**PROBLEM TO WORK ON:**
Give an exact copy of the data that follows, but none of its pictures.

**DATA IN THIS EXERCISE:**

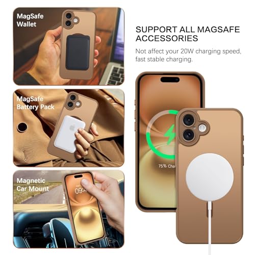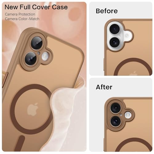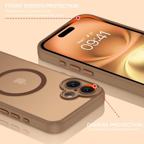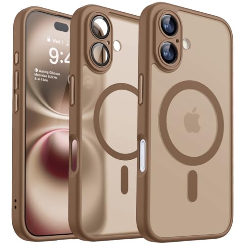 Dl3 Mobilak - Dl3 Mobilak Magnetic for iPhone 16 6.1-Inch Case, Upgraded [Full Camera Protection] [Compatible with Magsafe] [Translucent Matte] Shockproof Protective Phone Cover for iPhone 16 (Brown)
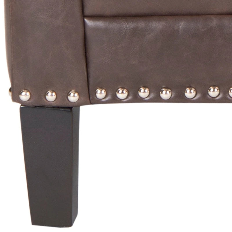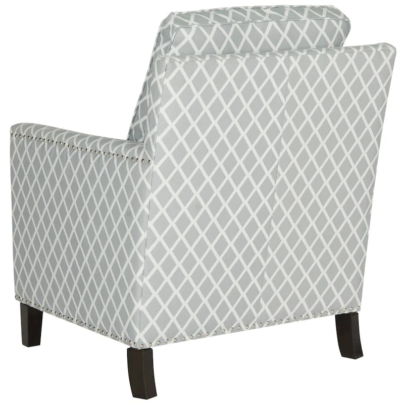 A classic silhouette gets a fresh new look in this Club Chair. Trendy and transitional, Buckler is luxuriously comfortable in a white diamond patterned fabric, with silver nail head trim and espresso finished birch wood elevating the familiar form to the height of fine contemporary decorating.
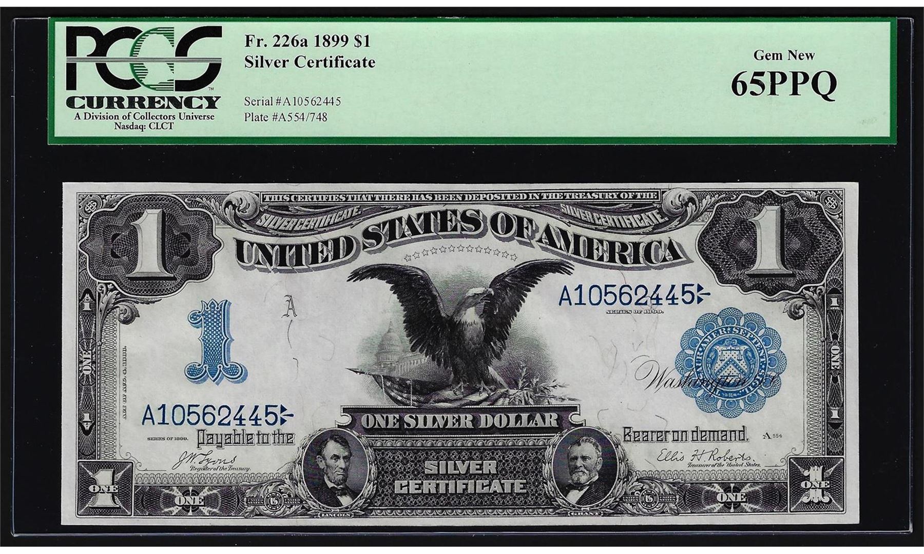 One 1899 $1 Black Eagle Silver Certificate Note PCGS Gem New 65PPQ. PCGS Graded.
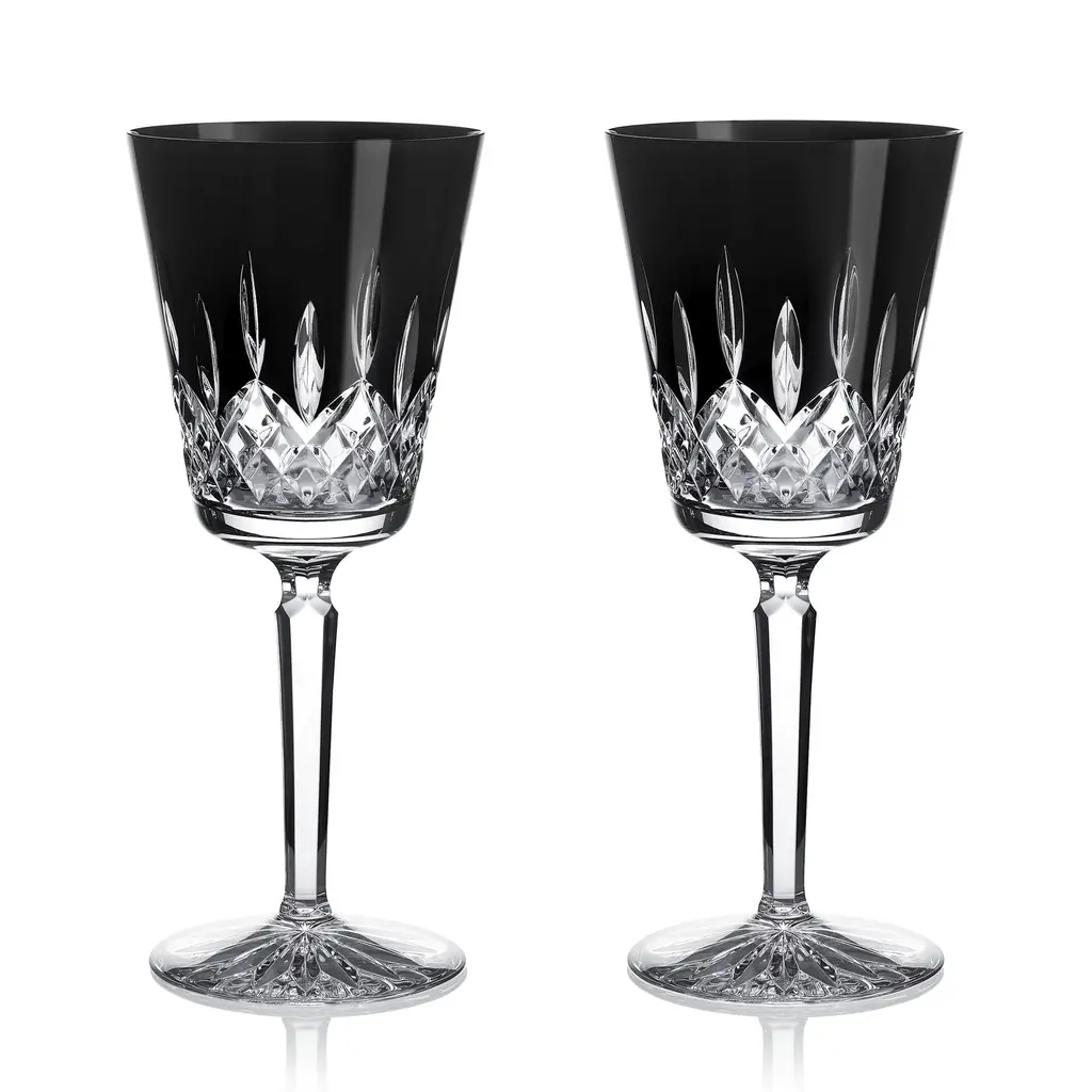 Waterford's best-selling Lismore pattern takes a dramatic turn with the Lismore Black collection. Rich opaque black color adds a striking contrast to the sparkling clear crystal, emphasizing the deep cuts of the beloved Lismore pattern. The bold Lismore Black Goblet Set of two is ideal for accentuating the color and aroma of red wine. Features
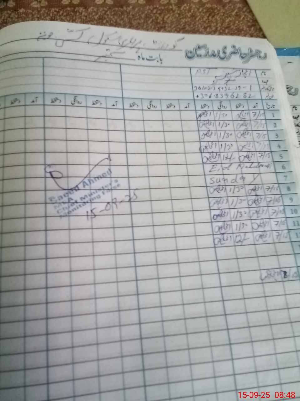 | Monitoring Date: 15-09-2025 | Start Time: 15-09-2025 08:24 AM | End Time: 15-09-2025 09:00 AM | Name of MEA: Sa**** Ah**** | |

**FINISHED EXERCISE:**
 Dl3 Mobilak - Dl3 Mobilak Magnetic for iPhone 16 6.1-Inch Case, Upgraded [Full Camera Protection] [Compatible with Magsafe] [Translucent Matte] Shockproof Protective Phone Cover for iPhone 16 (Brown)
 A classic silhouette gets a fresh new look in this Club Chair. Trendy and transitional, Buckler is luxuriously comfortable in a white diamond patterned fabric, with silver nail head trim and espresso finished birch wood elevating the familiar form to the height of fine contemporary decorating.
 One 1899 $1 Black Eagle Silver Certificate Note PCGS Gem New 65PPQ. PCGS Graded.
 Waterford's best-selling Lismore pattern takes a dramatic turn with the Lismore Black collection. Rich opaque black color adds a striking contrast to the sparkling clear crystal, emphasizing the deep cuts of the beloved Lismore pattern. The bold Lismore Black Goblet Set of two is ideal for accentuating the color and aroma of red wine. Features
 | Monitoring Date: 15-09-2025 | Start Time: 15-09-2025 08:24 AM | End Time: 15-09-2025 09:00 AM | Name of MEA: Sa**** Ah**** | |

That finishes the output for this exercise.